Available records Start Marker

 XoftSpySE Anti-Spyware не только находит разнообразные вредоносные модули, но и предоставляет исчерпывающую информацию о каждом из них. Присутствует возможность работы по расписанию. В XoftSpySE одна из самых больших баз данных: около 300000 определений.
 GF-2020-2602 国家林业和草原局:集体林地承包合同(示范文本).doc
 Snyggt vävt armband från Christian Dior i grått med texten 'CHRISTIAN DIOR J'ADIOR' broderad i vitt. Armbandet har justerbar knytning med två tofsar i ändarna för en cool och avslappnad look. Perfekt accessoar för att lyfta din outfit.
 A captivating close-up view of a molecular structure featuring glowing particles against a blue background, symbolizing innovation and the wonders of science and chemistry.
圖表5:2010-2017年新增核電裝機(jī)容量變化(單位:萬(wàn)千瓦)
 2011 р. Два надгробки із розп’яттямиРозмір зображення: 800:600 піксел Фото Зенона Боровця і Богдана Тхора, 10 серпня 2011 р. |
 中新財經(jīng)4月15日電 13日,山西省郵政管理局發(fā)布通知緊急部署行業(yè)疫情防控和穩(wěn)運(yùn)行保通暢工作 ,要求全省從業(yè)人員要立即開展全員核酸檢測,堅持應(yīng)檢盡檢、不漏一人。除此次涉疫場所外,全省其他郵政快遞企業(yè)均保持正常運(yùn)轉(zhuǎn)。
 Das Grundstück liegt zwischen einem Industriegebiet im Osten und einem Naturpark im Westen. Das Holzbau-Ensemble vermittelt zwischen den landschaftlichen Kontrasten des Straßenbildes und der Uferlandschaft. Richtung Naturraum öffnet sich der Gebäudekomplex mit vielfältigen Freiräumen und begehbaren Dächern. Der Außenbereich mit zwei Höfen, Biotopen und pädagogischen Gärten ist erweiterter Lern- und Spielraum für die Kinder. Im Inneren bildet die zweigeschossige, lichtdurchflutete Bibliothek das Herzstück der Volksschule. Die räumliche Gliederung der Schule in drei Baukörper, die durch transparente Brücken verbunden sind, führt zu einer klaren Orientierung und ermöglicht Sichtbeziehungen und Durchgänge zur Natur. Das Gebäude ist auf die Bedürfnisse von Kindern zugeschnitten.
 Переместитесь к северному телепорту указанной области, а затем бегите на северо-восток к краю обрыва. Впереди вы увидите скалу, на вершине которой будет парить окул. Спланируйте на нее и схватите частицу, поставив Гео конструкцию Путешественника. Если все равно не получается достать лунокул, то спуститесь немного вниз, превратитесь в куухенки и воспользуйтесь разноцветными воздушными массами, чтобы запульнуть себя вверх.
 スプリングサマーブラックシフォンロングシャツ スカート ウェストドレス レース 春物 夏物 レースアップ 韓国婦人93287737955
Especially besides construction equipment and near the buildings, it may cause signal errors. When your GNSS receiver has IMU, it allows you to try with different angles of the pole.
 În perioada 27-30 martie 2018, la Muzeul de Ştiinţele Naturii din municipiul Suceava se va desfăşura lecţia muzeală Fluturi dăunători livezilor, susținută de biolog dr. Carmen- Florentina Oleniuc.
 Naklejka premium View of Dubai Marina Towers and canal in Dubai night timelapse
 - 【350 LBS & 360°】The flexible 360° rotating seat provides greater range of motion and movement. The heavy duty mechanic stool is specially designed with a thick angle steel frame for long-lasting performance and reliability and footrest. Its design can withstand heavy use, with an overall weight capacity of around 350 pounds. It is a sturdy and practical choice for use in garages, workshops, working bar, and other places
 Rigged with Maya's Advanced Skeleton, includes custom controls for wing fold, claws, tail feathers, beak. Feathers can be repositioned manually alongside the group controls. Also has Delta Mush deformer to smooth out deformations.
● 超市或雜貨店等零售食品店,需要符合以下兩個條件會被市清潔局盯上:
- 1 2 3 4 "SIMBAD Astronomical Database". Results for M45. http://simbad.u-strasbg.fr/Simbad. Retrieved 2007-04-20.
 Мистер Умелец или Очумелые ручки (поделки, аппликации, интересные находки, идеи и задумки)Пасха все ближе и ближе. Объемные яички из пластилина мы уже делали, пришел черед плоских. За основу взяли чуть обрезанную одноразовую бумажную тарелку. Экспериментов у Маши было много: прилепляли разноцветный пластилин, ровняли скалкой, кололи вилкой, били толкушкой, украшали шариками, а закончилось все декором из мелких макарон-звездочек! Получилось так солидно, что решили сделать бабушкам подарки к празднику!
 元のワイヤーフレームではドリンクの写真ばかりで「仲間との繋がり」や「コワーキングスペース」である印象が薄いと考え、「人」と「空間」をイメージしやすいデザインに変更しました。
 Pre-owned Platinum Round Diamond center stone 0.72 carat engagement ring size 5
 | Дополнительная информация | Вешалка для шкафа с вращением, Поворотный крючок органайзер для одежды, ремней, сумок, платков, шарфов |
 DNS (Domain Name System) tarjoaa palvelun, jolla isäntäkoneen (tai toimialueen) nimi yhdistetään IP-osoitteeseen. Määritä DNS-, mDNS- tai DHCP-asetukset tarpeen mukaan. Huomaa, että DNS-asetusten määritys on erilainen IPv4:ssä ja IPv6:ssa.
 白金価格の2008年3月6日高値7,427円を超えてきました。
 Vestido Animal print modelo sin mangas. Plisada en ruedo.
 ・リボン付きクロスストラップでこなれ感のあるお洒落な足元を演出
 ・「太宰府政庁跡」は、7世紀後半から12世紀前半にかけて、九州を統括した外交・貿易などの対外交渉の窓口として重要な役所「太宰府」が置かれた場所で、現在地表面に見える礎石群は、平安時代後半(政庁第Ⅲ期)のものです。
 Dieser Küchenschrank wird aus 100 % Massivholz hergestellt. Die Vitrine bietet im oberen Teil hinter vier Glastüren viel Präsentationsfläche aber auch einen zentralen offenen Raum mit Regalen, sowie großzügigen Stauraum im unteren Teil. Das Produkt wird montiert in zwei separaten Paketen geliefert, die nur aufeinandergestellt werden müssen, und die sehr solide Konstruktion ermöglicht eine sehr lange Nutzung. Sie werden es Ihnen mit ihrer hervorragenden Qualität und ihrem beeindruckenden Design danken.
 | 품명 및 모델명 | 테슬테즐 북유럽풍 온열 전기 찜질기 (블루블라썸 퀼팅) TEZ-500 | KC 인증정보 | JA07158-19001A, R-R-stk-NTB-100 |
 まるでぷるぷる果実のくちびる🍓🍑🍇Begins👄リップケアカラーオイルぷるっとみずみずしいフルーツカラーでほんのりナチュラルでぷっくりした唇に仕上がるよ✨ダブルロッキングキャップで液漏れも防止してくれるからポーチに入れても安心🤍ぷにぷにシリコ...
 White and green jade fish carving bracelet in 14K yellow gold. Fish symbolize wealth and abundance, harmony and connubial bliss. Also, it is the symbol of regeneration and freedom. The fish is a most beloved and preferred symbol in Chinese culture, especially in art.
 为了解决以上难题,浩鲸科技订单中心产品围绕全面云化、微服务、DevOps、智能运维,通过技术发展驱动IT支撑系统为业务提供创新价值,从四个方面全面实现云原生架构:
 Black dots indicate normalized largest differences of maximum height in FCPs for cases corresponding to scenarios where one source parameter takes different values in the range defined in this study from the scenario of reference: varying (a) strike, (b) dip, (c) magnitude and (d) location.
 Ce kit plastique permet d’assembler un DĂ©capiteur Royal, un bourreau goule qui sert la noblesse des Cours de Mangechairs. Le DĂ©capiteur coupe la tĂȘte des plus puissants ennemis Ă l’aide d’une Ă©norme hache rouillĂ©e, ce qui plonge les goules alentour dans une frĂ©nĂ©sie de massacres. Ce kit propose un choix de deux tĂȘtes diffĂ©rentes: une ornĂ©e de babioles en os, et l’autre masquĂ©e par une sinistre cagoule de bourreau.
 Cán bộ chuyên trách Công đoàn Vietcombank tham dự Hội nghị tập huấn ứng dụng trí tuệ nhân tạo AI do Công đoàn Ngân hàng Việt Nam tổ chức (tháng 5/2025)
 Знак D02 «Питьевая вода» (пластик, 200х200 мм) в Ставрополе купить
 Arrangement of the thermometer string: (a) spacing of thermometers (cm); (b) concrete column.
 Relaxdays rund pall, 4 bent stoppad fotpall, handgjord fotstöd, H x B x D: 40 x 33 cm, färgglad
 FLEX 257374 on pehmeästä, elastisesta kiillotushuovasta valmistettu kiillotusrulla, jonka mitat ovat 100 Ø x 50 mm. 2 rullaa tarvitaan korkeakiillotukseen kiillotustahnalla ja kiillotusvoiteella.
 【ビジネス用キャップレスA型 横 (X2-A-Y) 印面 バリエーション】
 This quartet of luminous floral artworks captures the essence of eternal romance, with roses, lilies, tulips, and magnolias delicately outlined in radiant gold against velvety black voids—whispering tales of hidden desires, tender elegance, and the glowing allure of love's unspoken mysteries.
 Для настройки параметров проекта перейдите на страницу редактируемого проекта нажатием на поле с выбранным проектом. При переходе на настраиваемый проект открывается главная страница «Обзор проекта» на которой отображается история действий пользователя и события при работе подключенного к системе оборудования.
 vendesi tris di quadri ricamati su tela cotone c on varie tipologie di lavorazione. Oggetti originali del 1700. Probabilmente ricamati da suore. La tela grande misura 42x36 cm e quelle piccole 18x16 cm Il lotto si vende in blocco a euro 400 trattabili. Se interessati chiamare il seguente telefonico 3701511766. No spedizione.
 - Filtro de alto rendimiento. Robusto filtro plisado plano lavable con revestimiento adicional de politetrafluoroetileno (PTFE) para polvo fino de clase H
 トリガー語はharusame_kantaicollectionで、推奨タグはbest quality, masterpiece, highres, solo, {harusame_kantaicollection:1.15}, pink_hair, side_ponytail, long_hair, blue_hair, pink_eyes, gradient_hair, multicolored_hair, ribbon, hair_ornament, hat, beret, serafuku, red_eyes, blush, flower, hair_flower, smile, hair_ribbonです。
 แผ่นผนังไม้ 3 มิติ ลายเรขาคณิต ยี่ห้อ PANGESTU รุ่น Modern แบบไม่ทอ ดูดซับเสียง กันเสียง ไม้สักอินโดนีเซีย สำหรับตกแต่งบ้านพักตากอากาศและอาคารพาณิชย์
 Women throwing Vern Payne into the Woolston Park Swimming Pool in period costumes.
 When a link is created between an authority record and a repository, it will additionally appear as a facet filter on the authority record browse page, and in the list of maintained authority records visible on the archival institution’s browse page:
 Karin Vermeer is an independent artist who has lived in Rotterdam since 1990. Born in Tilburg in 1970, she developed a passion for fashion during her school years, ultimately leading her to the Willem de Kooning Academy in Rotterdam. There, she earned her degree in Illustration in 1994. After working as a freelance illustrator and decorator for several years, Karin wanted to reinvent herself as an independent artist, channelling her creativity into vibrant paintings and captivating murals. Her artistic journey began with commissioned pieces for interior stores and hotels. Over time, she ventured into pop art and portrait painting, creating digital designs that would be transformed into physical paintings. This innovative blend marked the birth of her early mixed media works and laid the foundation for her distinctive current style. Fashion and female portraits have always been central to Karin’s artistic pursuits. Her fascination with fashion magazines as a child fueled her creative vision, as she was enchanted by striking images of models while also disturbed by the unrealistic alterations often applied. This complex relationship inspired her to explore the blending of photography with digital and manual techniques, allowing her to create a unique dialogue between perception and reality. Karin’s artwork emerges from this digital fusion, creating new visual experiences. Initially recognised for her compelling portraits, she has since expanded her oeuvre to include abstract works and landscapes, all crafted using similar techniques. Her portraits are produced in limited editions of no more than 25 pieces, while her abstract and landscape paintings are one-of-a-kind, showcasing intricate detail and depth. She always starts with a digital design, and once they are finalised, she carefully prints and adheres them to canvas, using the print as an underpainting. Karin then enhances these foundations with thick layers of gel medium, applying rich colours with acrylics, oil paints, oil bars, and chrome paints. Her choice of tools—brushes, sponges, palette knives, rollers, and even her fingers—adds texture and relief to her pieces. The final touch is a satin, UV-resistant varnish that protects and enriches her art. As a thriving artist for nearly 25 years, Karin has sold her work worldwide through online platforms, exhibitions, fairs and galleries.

Available records End Marker

Copy all lines from the data that hold the word "different".

• Answer area:
Especially besides construction equipment and near the buildings, it may cause signal errors. When your GNSS receiver has IMU, it allows you to try with different angles of the pole.
 Black dots indicate normalized largest differences of maximum height in FCPs for cases corresponding to scenarios where one source parameter takes different values in the range defined in this study from the scenario of reference: varying (a) strike, (b) dip, (c) magnitude and (d) location.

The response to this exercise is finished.